Fruehauf still regards its economy story as a major selling point, but now uses it only in direct mail. Primarily for private operators, the company cooperates in preparing detailed cost analyses on transportation problems, generally at the request of a prospect who needs equipment. The results help sell the initial prospect, then are used as sales ammunition on companies facing similar problems.
One recent cost analysis was undertaken for an automotive parts manufacturer. The company was opening a new plant in Ohio, 135 miles from Detroit, and had to move 250 tons of material and parts a month. The automotive manufacturer undertook a comprehensive study of transportation charges. The issue finally resolved itself to a comparison between rail and motor transport. Fruehauf engineers supplied basic data to the prospect.
Based on the study, the company bought five Fruehauf trailers and three tractor trucks. Compared with rail rates, the savings to the company for the first four months of operation averaged over $1,650 a month, for an anticipated annual saving of over $20,000.
Fruehauf maintains a mailing list of 135,000 U.S. trailer owners and 26,000 truck dealers (these dealers carry certain Fruehauf accessories). So for this year, the company has sent four mailings to the owner list, with one or two more scheduled. All direct mail is localized to the branch. In addition to the national mailings, the company runs local drives when and where needed. A special mail campaign announced the opening of a branch in Evansville (Ind.) and special campaigns are instituted when local branches need help. On such occasions, samples are sent to other branch managers who can get the material for their own use on request.

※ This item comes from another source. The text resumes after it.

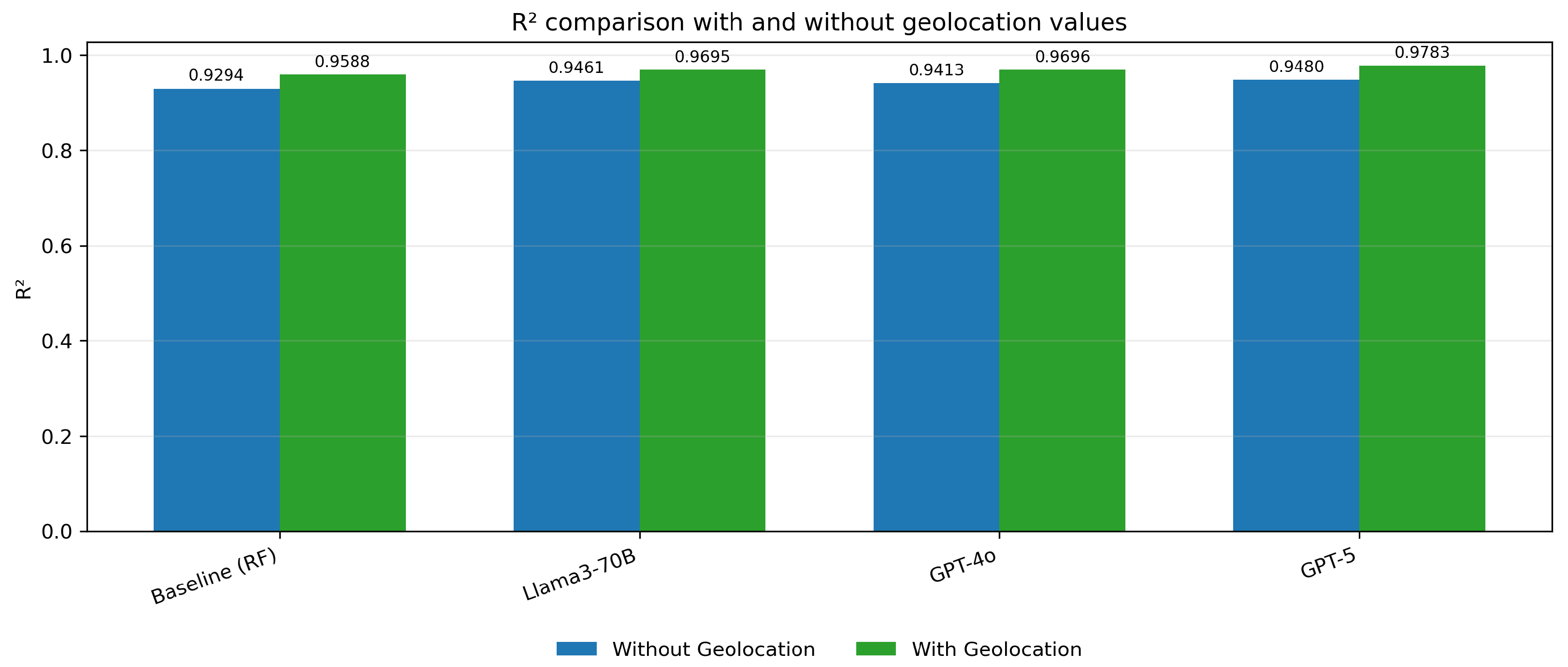 GPT-5 + RandomForestRegressor. GPT-5 (with geolocation) achieved the best overall results, an MSE = 14.0339, an MAE = 2.3715 and an R2 = 0.9783, indicating the strongest fit and lowest prediction error among the evaluated models.

A typical mailing, on the fall service campaign, went out recently to the owner list. Copy theme was that “Fruehauf Service Pays Off”: the cover picture showed a hand putting a coin into a piggy bank over the caption “Just like money in your bank.” One full page was devoted to plugging four features of Fruehauf service: “finest facilities,” “skilled workmanship,” “quality materials,” and “faster service.”
The rest of the space was given to a hard selling pitch: “Trailers, any make—any model! Bring ‘em in today! Fruehauf branches coast-to-coast offer you big service savings . . . Don’t take chances on crippled equipment cutting into your hauling profits during the winter months ahead . . . “ The mailing then listed a number of the same offers plugged in the newspaper campaign.
Fruehauf is in an excellent position. Orders have been pouring in at a constantly increasing pace. And even if civilian production must be curtailed because of increasing demands for military equipment, the company will undoubtedly get lots of government business. During the last war Fruehauf produced many trailers of different types for the armed forces.
Barring upset in the economy, Fruehauf’s prospects are even brighter.
The motor hauling industry, on the whole, is still on the way up and Fruehauf occupies a commanding position in one segment of the industry. Also, the market for trailers seems promising—even discounting potential growth in the trucking industry—because of the great disparity between the number of straight trucks and truck-trailers in use, a disparity which Roy Fruehauf is confident will begin to level off when his small size trailers go into production. Ask him about future potential of the trailer business. He will tell you: “It’s straight up.”